In der begehbaren Installation „Intercambios – Das Archiv der Soledad Bauer“ setzt sich das Cargo-Theater mit dem Artensterben auseinander und bringt Käfer zum Sprechen. Foto: Cargo-Theater/6tagefrei

Nicht mehr Wettbewerb, sondern Aufführungs- und Arbeitsort will das Festival „6 Tage frei“ sein. Vor allem ermöglicht es eine Begegnung der freien darstellenden Künste.
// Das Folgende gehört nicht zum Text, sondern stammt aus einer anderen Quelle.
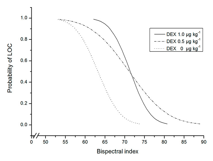 The relationship between the probability of loss of consciousness (LOC) and the bispectral index. (DEX = dexmedetomidine.)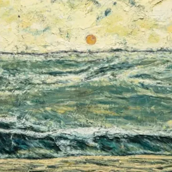 This meditative scene, like many of the featured works, appears weathered by its layers. Kim’s intricate process involves sketching, digital rendering, chemical transferring, and adding thick swaths of ink and pigment. The resultant works incorporate dense impasto, harboring the essence of many marks and concepts built into the fabric of each visual plane. This intricate process takes center stage in the textural work, Mythical Island. Here, a figure is engulfed by unforgiving terrain: compact coats of stirring gold, pink, and navy shade the forlorn intersection where the ocean meets the sky. The unyielding brushwork shades a man who holds up a dripping vessel in front of the sea—a prized discovery amidst the pitfalls of survival.
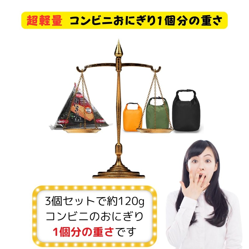 • (Ultra Lightweight Onigiri Weight) The total of 3 dry bags is approximately 4.2 oz (120 g). Approximately 1 rice bowl in a convenient store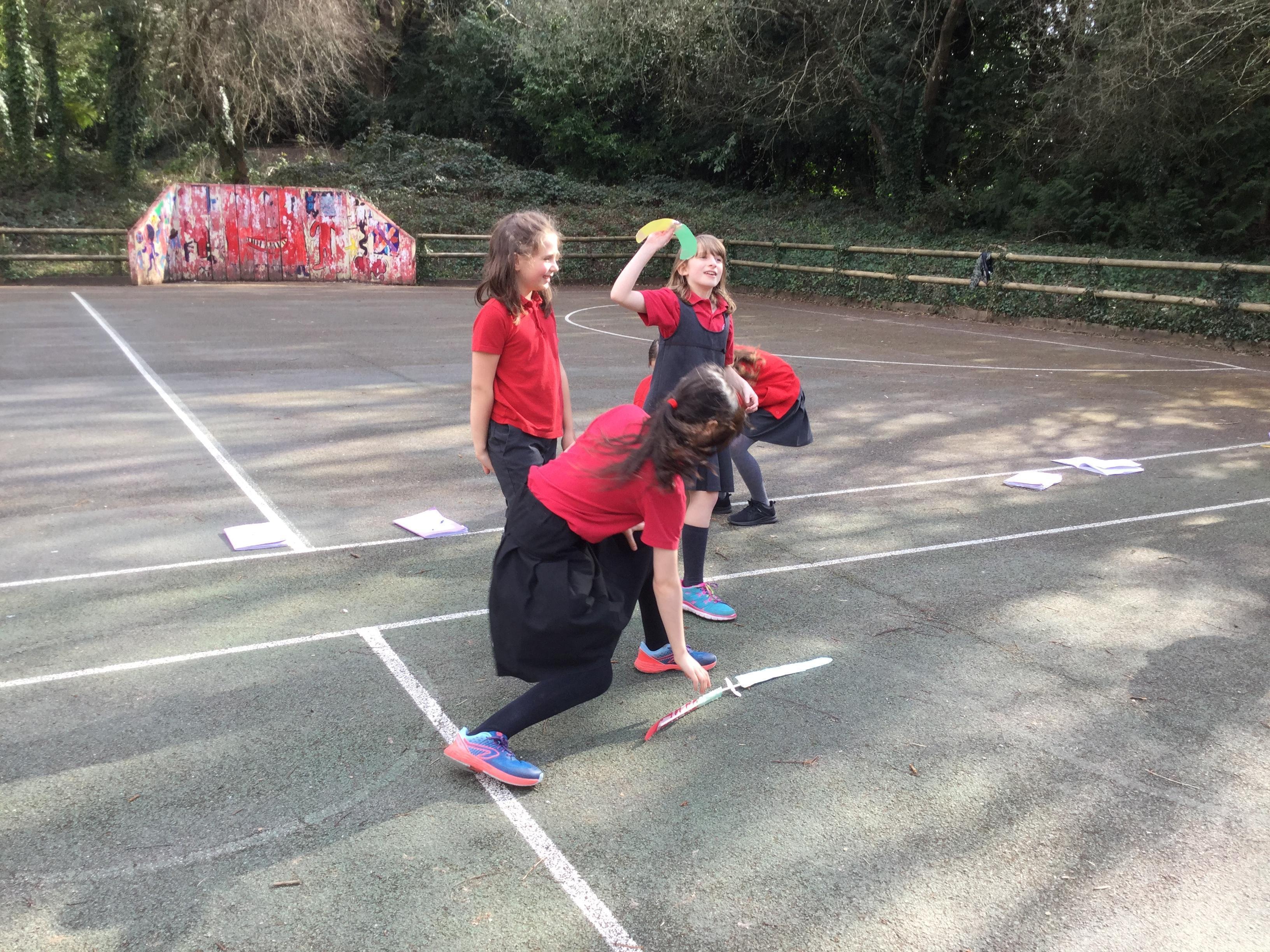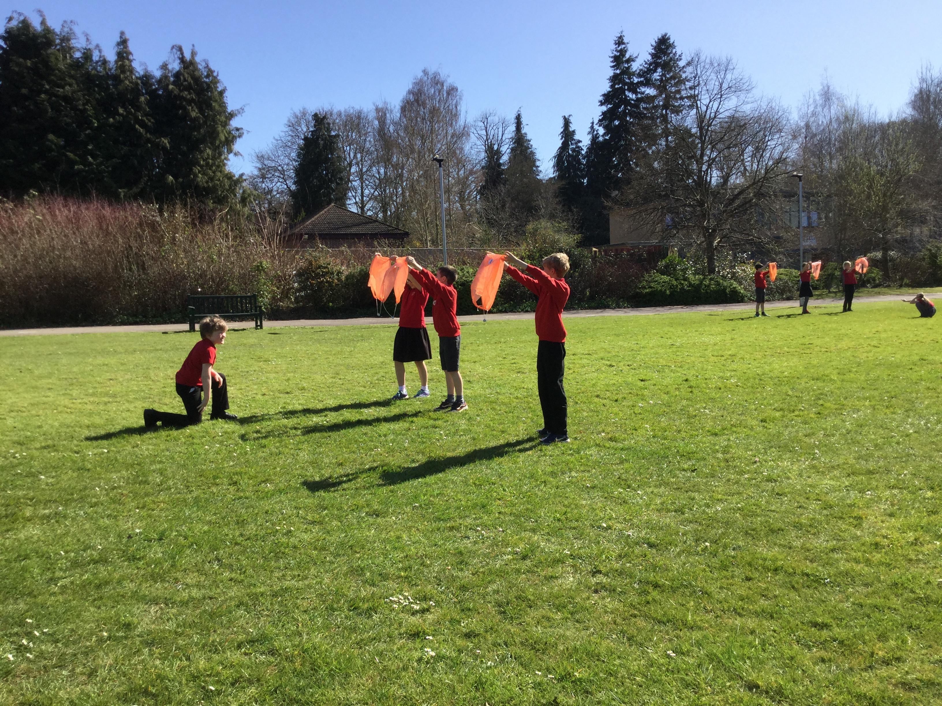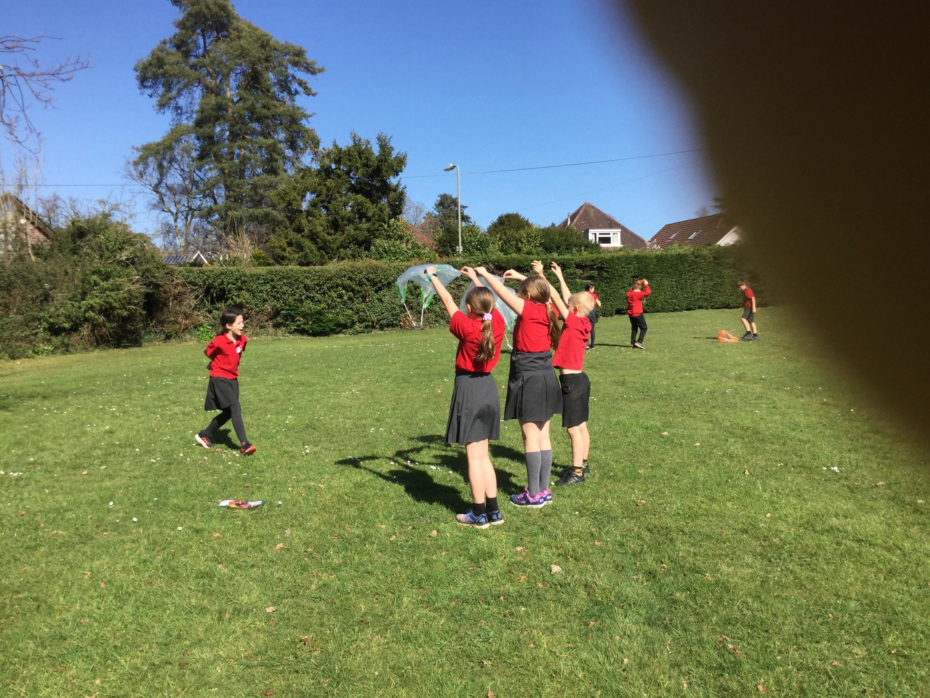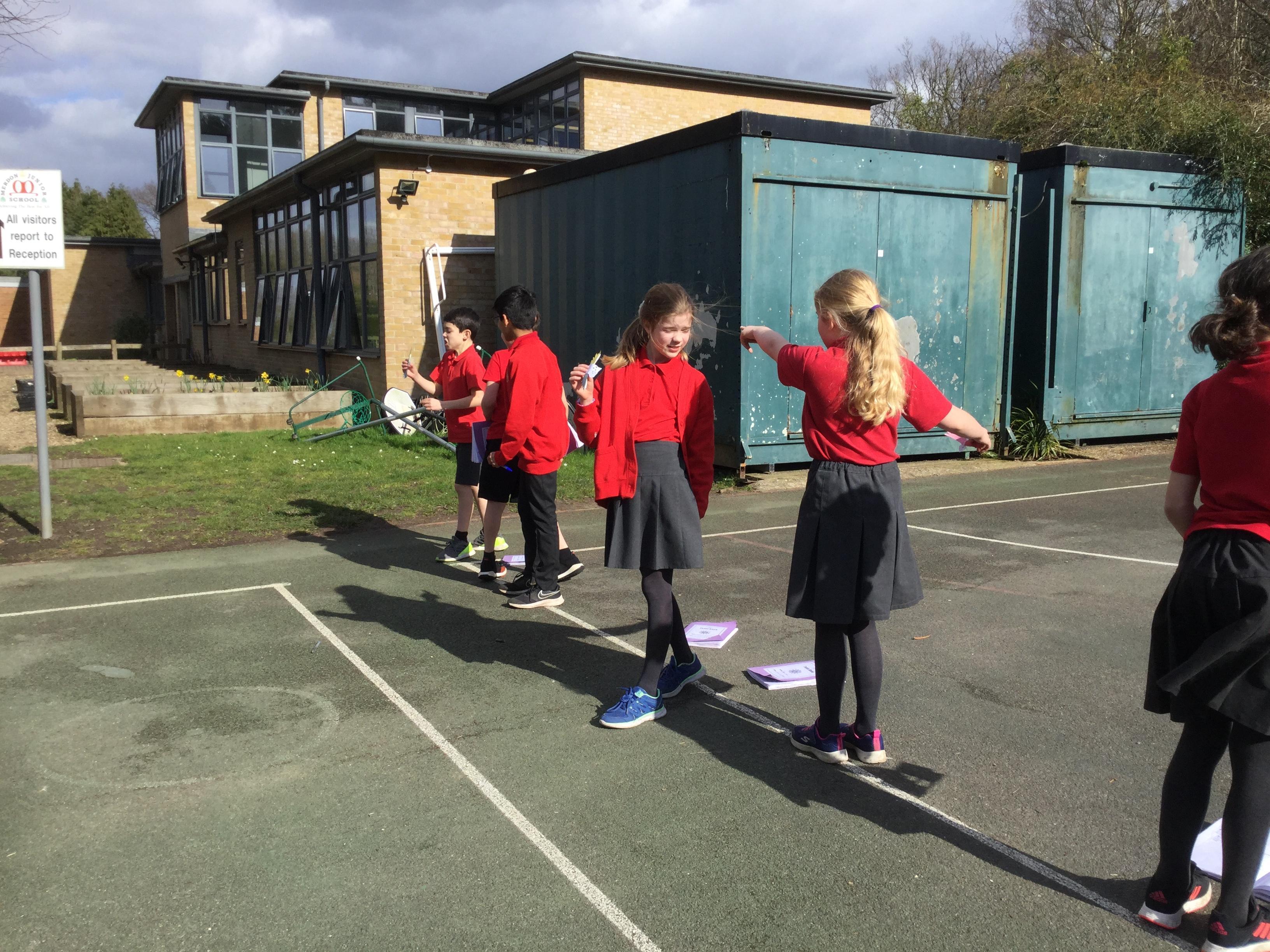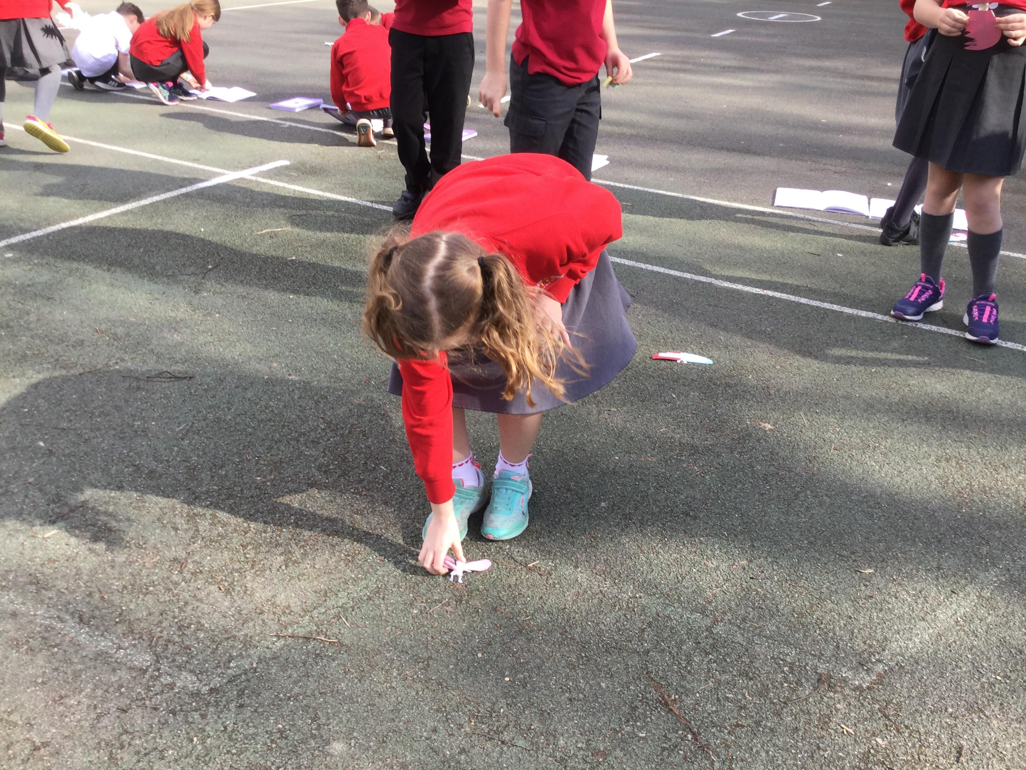 Once we had completed and made our wings, we went outside to test fly them and measure how far they travelled. Here are some photographs of our investigations!

Statt eines Wettbewerbs um den Theaterpreis von Stuttgart und Baden-Württemberg präsentiert sich die freie Szene aus dem Land bei ihrem Festival „6 Tage frei“ in diesem Jahr mit einem kuratierten Programm. Neun Gruppen sind von Montag an im Theater Rampe und auf anderen Bühnen in der Stadt zu Gast und laden zur Auseinandersetzung mit dem Festivalmotto „Transformation, Imagination und neue Verwandtschaften“.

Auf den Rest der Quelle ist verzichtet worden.